Pourquoi les animaux vivant sur les îles sont-ils plus menacés d’extinction ?
Les espèces insulaires à sang chaud ont tendance à développer un métabolisme plus lent que leurs homologues du continent, ce qui rend plus difficile leur rebond en cas de stress.
La vie a tendance à se dérouler à un rythme plus lent et plus tranquille pour les personnes qui vivent sur des îles. Il s’avère que cette langueur s’étend également aux animaux vivant sur les îles.
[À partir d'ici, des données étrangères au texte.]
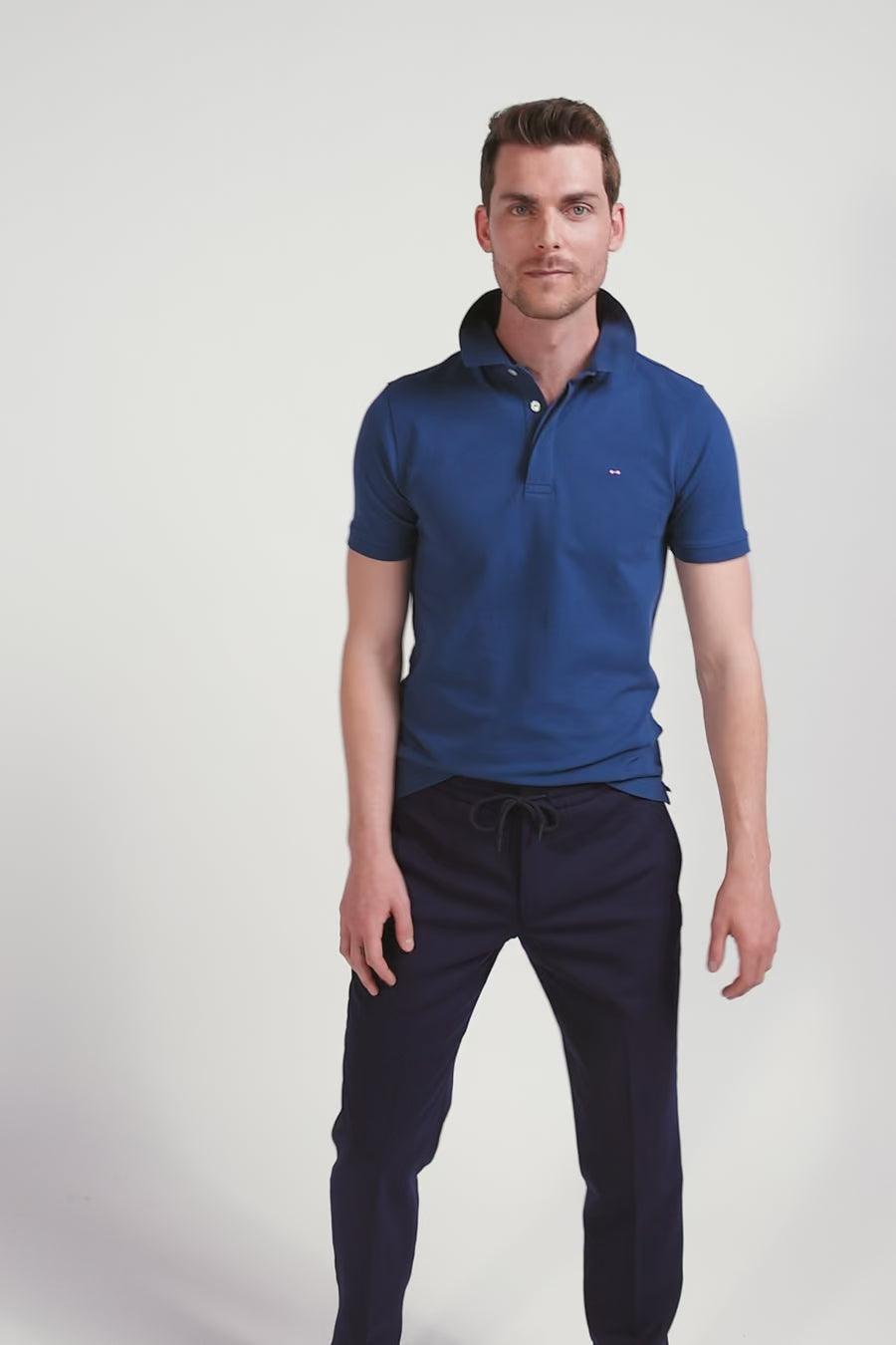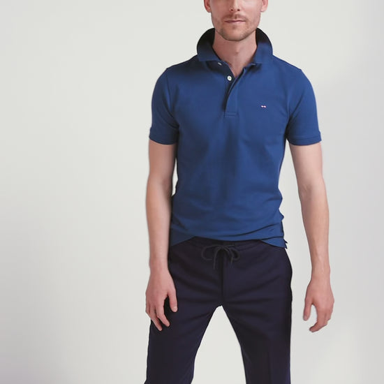Slim dark blue short-sleeved stretch cotton polo shirt

Une nouvelle étude publiée dans Progrès scientifiques révèle que de nombreuses espèces insulaires à sang chaud ont développé un métabolisme plus lent par rapport à leurs homologues du continent, une caractéristique qui leur donne un avantage en matière de survie dans des environnements où les ressources sont rares, mais qui les expose à un risque accru d’extinction lorsque les humains sont ajoutés à la combinaison.
« Lorsque l’environnement change ou que des animaux envahissants arrivent sur les îles, les espèces insulaires ont une faible capacité de défense », explique Ying Xiong, co-auteur principal de l’étude et zoologiste à l’Université agricole du Sichuan en Chine. « Nous avons découvert une règle métabolique générale qui contribue à expliquer ce phénomène. »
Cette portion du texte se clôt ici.